> [ACTIVITY]
Below is a listing with pictures. Repeat exactly the lines starting at the one holding "早在讲座开始前两个小时前会场" and going on through the one holding "Antique Candelabra Solid", and leave every picture out.

> [EXERCISE MATERIAL]
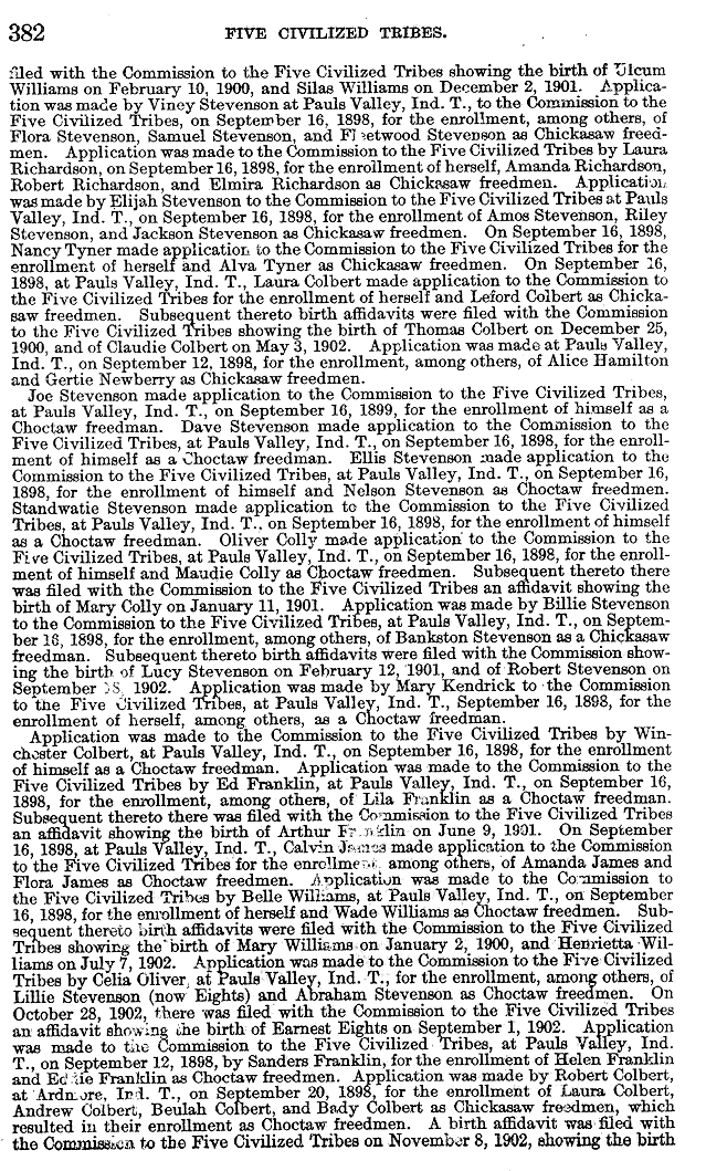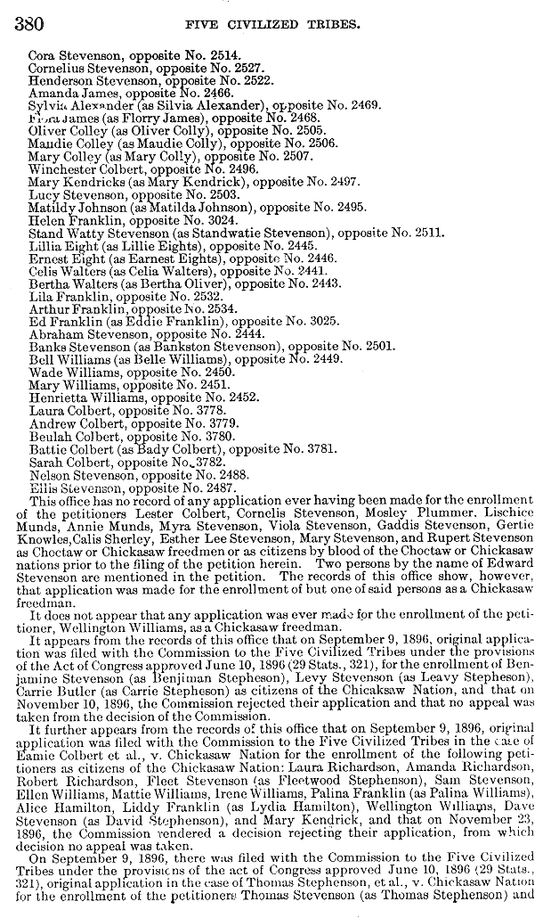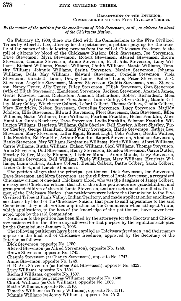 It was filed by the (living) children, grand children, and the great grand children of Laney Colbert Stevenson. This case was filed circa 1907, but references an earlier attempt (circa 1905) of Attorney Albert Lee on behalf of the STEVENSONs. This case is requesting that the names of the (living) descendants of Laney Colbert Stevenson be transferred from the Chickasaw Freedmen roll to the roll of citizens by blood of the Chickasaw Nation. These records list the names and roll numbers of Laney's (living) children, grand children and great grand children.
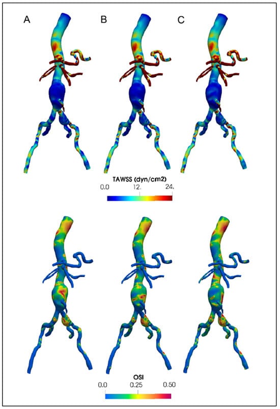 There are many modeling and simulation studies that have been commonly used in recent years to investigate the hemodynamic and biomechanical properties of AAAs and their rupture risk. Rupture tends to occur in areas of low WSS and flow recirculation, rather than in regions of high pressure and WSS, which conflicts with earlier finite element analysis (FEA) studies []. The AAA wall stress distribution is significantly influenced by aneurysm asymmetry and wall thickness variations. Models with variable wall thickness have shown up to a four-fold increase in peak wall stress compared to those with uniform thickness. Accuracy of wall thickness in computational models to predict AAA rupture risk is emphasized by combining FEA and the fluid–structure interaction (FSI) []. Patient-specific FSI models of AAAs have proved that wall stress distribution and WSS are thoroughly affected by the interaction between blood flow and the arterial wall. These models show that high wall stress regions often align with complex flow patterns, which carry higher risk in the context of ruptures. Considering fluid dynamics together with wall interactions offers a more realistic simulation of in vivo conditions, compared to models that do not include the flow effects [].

* * *

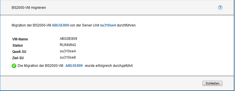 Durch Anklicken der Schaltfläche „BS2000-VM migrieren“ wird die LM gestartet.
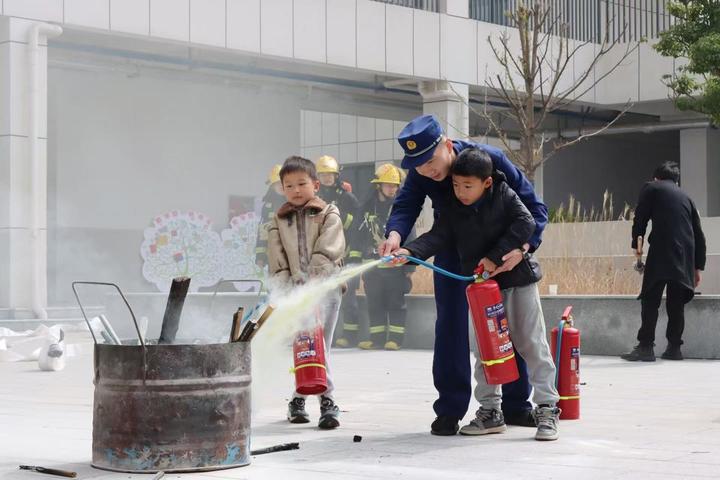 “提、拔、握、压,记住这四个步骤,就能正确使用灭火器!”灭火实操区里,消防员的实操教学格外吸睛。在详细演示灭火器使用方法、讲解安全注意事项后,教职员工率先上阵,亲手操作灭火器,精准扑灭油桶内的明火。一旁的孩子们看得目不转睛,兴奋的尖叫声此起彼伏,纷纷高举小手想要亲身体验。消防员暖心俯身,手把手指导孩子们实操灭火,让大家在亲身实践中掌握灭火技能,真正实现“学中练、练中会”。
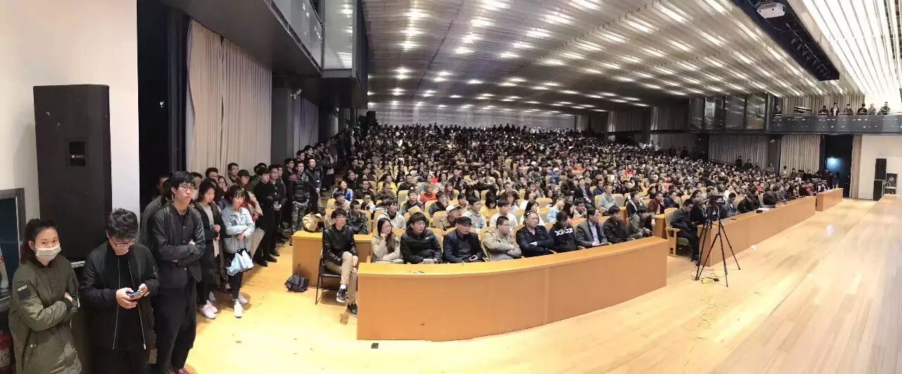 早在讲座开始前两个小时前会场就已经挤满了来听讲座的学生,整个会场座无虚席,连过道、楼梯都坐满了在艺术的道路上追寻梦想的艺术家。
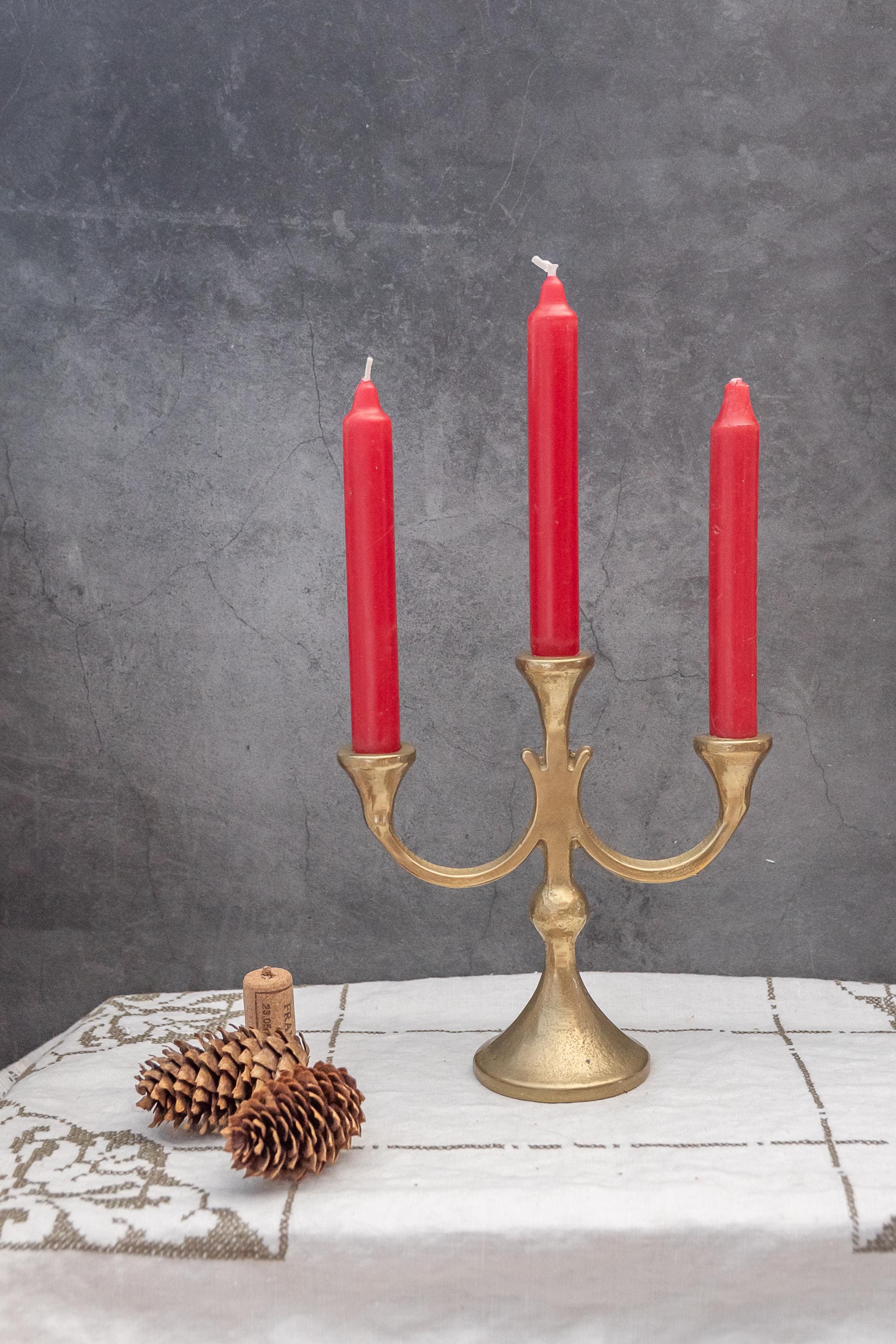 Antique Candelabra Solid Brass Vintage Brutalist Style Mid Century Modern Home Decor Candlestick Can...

* * *

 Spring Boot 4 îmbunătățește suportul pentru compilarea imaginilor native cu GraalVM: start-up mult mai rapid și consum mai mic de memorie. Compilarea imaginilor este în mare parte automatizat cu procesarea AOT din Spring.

> [RESPONSE TO THIS TASK]
 早在讲座开始前两个小时前会场就已经挤满了来听讲座的学生,整个会场座无虚席,连过道、楼梯都坐满了在艺术的道路上追寻梦想的艺术家。
 Antique Candelabra Solid Brass Vintage Brutalist Style Mid Century Modern Home Decor Candlestick Can...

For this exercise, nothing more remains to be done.